Sono tre anni che non è più in mezzo a noi Franco Carnieri, cronista del “Tirreno” (e tanti anni prima di “Paese Sera”). Gli sono stato compagno di banco per tanto tempo e tanto ho imparato. Soprattutto in termini di una dirittura anche spietata verso sé stessi: se aveva qualcosa da dirmi, non era per nulla tenerino. So che lo faceva perché mi voleva un gran bene. Lasciando il servizio mi aveva consegnato un calibro professionale, uno di quelli che aveva anche mio padre. Inutile in una redazione di giornale se non a dirti da dove vieni: e se «le parole sono importanti», direbbe Nanni Moretti, le radici lo sono perfino di più. E uno come lui teneva l’appartenenza alle origini da tuta blu una attenzione particolare: nessuno più di lui è stato voce della classe operaia livornese, nemmeno io che pure da quel ceppo di lavoratori metalmeccanici provengo. Detto che faccio parte di una categoria che ha mille peccati, se c’è una cosa che mi fa andare in bestia è la solita tiritera del giornalista leccapiedi e venduto: vengo dall’oratorio salesiano di Colline e sebbene don Dagna cercasse di aiutarci a utilizzare argomenti dialettici più sofisticati, qui scappa la risposta standard che invita a riferirsi “ar budello” della propria augusta genitrice ma anche per li rami di tutto il resto dello “stramalidetto” parentado a vario titolo coinvolgibile. Lo dico perché ho incontrato nella vita professionale un esempio come Franco, e forse non è l’unico: alla faccia degli starnazzanti.

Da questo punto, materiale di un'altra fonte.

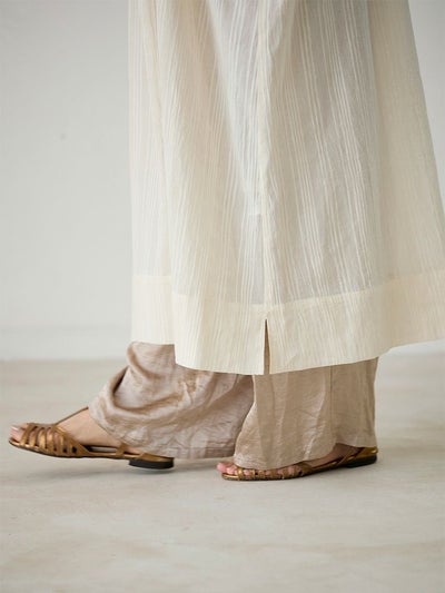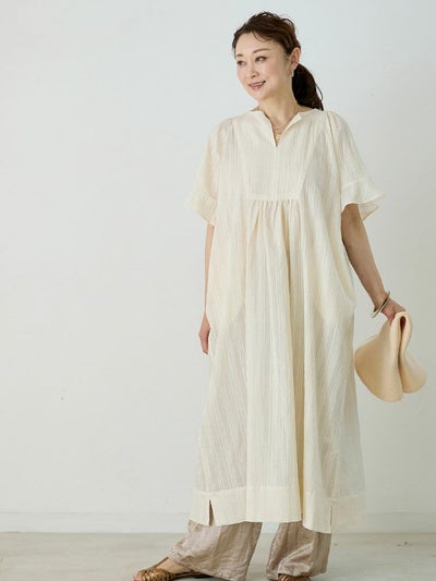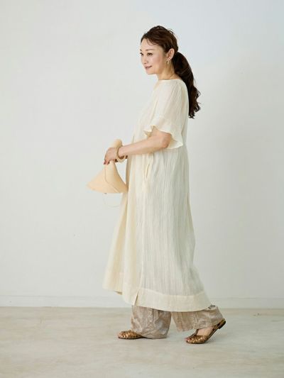 両サイドの裾や胸元のスリットが見た目にも涼やかで、シーズンライクな抜け感を与えてくれます。

Ecco che qui, adesso che anch’io ho lasciato la redazione e non ho più la carta di giornale sotto i piedi, per ricordarlo nel terzo anniversario della sua scomparsa mi affido alla mia piccola micro-editoria e vi ripropongo il modo con cui gli ho dato l’ultimo abbraccio dalle colonne del “Tirreno” nell’estate 2020.

 

di Mauro Zucchelli

Se n’è andato in silenzio alla soglia degli 81 anni: li avrebbe compiuti fra una settimana e mezzo, lui che era nato nello stesso giorno di Romano Prodi. In silenzio perché Franco Carnieri, ex cronista del “Tirreno” per lunghi anni, non amava granché i toni strillati quando servivano solo a far gonfiare la vanagloria personale tutta chiacchiere, tesserino professionale e prosopopea. Li amava invece quando era la voce della lotta collettiva, della battaglia operaia: cronista in tuta blu, e non per vezzo da tifoso bensì perché rivendicava una appartenenza di classe.

Del resto, veniva da una famiglia di maestri d’ascia che ha rappresentato più di qualcosa nella storia della cantieristica livornese: non stiamo parlando della potenza di fuoco da capitani d’industria quanto semmai dell’orgoglio del saper fare bene le cose. Suo padre Dario e suo nonno Gino l’odore della pece nel loro cantierino lo conoscevano bene. Dietro la maestria della manualità di quel riparare le barche c’era una fierezza di mestiere metà artigiana e metà operaia: la ritroviamo nella parte migliore del movimento operaio.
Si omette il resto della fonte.